Part of that cynicism springs from the very nature of our enterprise. We sell highly regulated items—fuel, alcohol, tobacco and foodservice. We deal with very sketchy laws concerning sales tax. And we are at the very epicenter of the minimum wage and exempt employee debates dividing conservatives and liberals. “Wage theft” is a popular term these days, bringing to mind company owners in handcuffs, doing perp-walks and being hauled off to jail.
It is all patently unfair.
OPEN TO INTERPRETATION
At Nice N Easy, all we ever wanted to do was follow the rules and do the right thing, but the right thing was often a moving target. For example, the company would institute a new foodservice program with consistent equipment, recipes and procedures across the entire chain, but two different Agricultural & Markets inspectors from two different zones might pass one store and fail another when they were essentially identical. How do you deal with that? If the rules are that vague and open to interpretation, how can an operator follow them with any certitude?
We underwent a federal Department of Labor audit a few years back and thought we had learned a few things that we wanted to share with a study group that Nice N Easy was part of. Many of the members had been audited, also, so we thought it would be very helpful to compare notes. We learned that some managers were salaried, while others who were doing essentially the same job in other companies were determined to be non-exempt.
The greatest discrepancy in exempt status was found in foodservice and appeared to be totally left open to the discretion of the investigator. Again, if the rules are so fuzzy that even labor investigators don’t agree, how can operators make sound judgements?
One of the smartest things we ever did at Nice N Easy was to turn the tables a bit on the powers that be. When several DEC (New York Department of Environmental Conservation) inspections left one of our executives scratching his head, he invited the head DEC inspector in our region to meet with our managers and staff so that we could all understand the regulations better and why they were important.
We developed a very good relationship with the inspector, who came to understand our frustration with enforcement inconsistencies and tried to improve that situation. Things did improve after that and the state appreciated our earnest efforts to do the right thing. I’m not sure that feeling existed until we reached out to them.
WORK TO IMPROVE
Today, a major topic is whether anyone in our industry should be salaried, that exempt status is just an excuse to work someone 70 hours a week and not pay them. Have some employers abused exempt status for managers, not caring what that title really means or how to create a proper exempt job description? I’m sure some have, just as some business owners don’t pay proper sales tax or follow the laws with age-restricted sales.
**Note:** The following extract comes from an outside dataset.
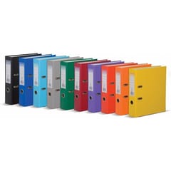 Wykonany z twardej 2 mm tektury_kolorowa oklejka pokryta matową folią polipropylenową _wyklejka papierowa _do formatu A4_szerokość grzbietu 75 lub 50 mm_mechanizm dźwigniowy z dociskiem_metalowe oczko grzbietowe_metalowe okucia owalne na przedniej okładce_wymienna etykieta do opisu_dostępny z okuciami dolnej krawędzi lub bez okuć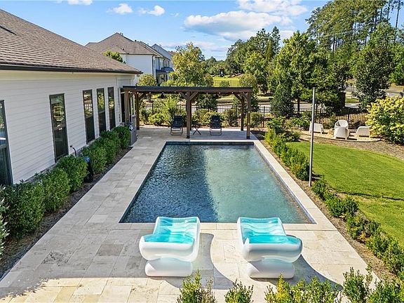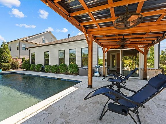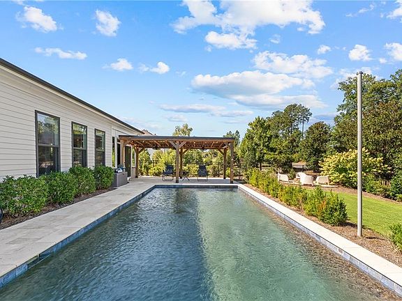 EXCEPTIONAL VALUE at an EXCEPTIONAL PRICE in the sought-after Traditions community! Experience a rare ranch estate that seamlessly blends timeless elegance with thoughtful modern upgrades. The expansive main living areas open through French double doors, creating a harmonious connection between indoor comfort and outdoor luxury. Step outside to your fully automated saltwater PebbleTec pool, complete with dual in-pool LED lighting and surrounded by elegant travertine decking—ideal for lively evenings of entertaining or serene moments of relaxation. Located in the highly desirable Traditions neighborhood within the acclaimed Forsyth County school district, this home offers unmatched convenience paired with elevated living. The main-level primary suite features trey ceilings, dual vanities, a deep soaking tub, seamless glass shower, and a spacious walk-in closet. Two additional bedrooms and a full bathroom provide comfort and flexibility for family or guests. At the heart of the home is a gourmet kitchen equipped with stainless steel appliances, double ovens, built-in microwave, quartz countertops, a large center island, custom walk-in pantry, and a butler’s pantry with wine refrigerator. The open layout flows effortlessly into the family room with a cozy gas log fireplace and continues to the formal dining room—perfect for hosting gatherings. Additional features include a three-car garage with epoxy-coated flooring, iron fencing, a climate-controlled sunroom with sliding windows and doors, and extensive outdoor living spaces. Enjoy a poolside cabana with projector screen and roller shades, built-in firepit, and dedicated garden area. Throughout the home, you’ll appreciate 10-foot ceilings, wide-plank hardwood floors, and trey ceilings in both the entry and primary suite. In the family room, an 85-inch Samsung Neo QLED TV with a pull-down mantel mount creates the ultimate cinematic experience. The HOA includes lawn maintenance and community amenities such as a clubhouse, swimming and tennis, pickleball courts, playground, pond, fitness center, and sidewalks. Residents also enjoy direct neighborhood access to the Forsyth Greenway and Fowler Park’s 85-acre recreation center. Premier shopping and dining are just minutes away at The Collection, Halcyon, and Vickery Village. Schedule your private tour today and discover the exceptional lifestyle that awaits!

But, I believe the vast majority of our industry does it right and really wants to do it right in terms of following labor laws to the letter. But, does everyone, including government agents, truly understand those laws and their varying shades of gray? Do they argue among themselves?
Before this train gets much further down the track, the National Association of Convenience Stores (NACS), the National Advisory Group (NAG), trade journals and state organizations need to get state and federal representatives in front of industry executives to discuss these laws.
Better to do that in a friendly, open forum than later in a courtroom, in front of a judge.